-- RECORDS FOR THIS TASK follows --

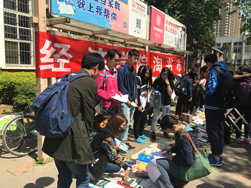 所以无论你喜欢轻松幽默的故事,清新文雅的诗集,还是生动有趣的小说,或者开阔眼界的专业书籍,在这里你都可以找到自己心仪的那本书。一句话可以改变一个人的行为,一个选择可以改变一个人的方向,而一本书却可以改变一个的人生。它带给我们的不止是淘书的乐趣,还有心灵上的慰藉。游走在如此热闹的各班书摊间,总能找到那一抹心中的小确幸。伴着同学们爽朗的吆喝声,和交流的低语声,给我们的校园增添了别样的风采。
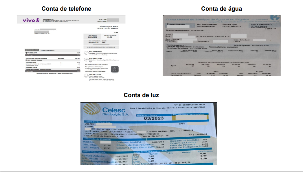 É necessário que no comprovante contenha nome completo do titular, data de emissão vencimento/vencimento recente (no máximo dos últimos 90 dias), nome da rua completo, número, bairro, cidade, estado e CEP válido.
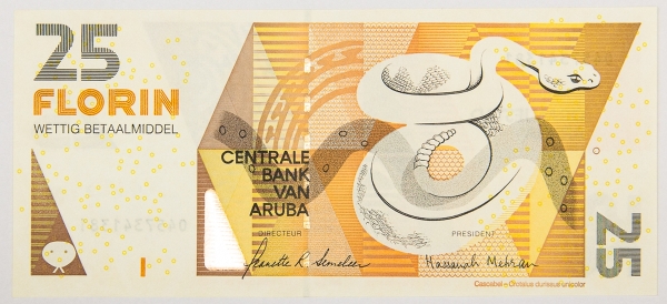 • Numismática, Aruba. 25 florins, P. 17 b, Fe.
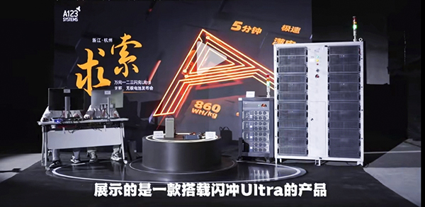 星云150V 400A模組充放電測(cè)試系統(tǒng)(右一)、星云10V300A電芯充放電測(cè)試系統(tǒng)(右二)出現(xiàn)在萬向一二三12C超高倍率“閃充Ultra電池”發(fā)布會(huì)視頻中
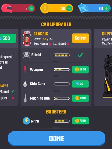 Each car offers a unique driving experience with special features like extra speed or a stronger Shield. The right car can help you make it further.

-- RECORDS FOR THIS TASK concluded --

PROBLEM TO WORK ON :: Write out, exactly as they stand, the line with "P. 17 b, Fe." and every line after it through the end of the entries above; omit the pictures.

EXPECTED ANSWER ::
 • Numismática, Aruba. 25 florins, P. 17 b, Fe.
 星云150V 400A模組充放電測(cè)試系統(tǒng)(右一)、星云10V300A電芯充放電測(cè)試系統(tǒng)(右二)出現(xiàn)在萬向一二三12C超高倍率“閃充Ultra電池”發(fā)布會(huì)視頻中
 Each car offers a unique driving experience with special features like extra speed or a stronger Shield. The right car can help you make it further.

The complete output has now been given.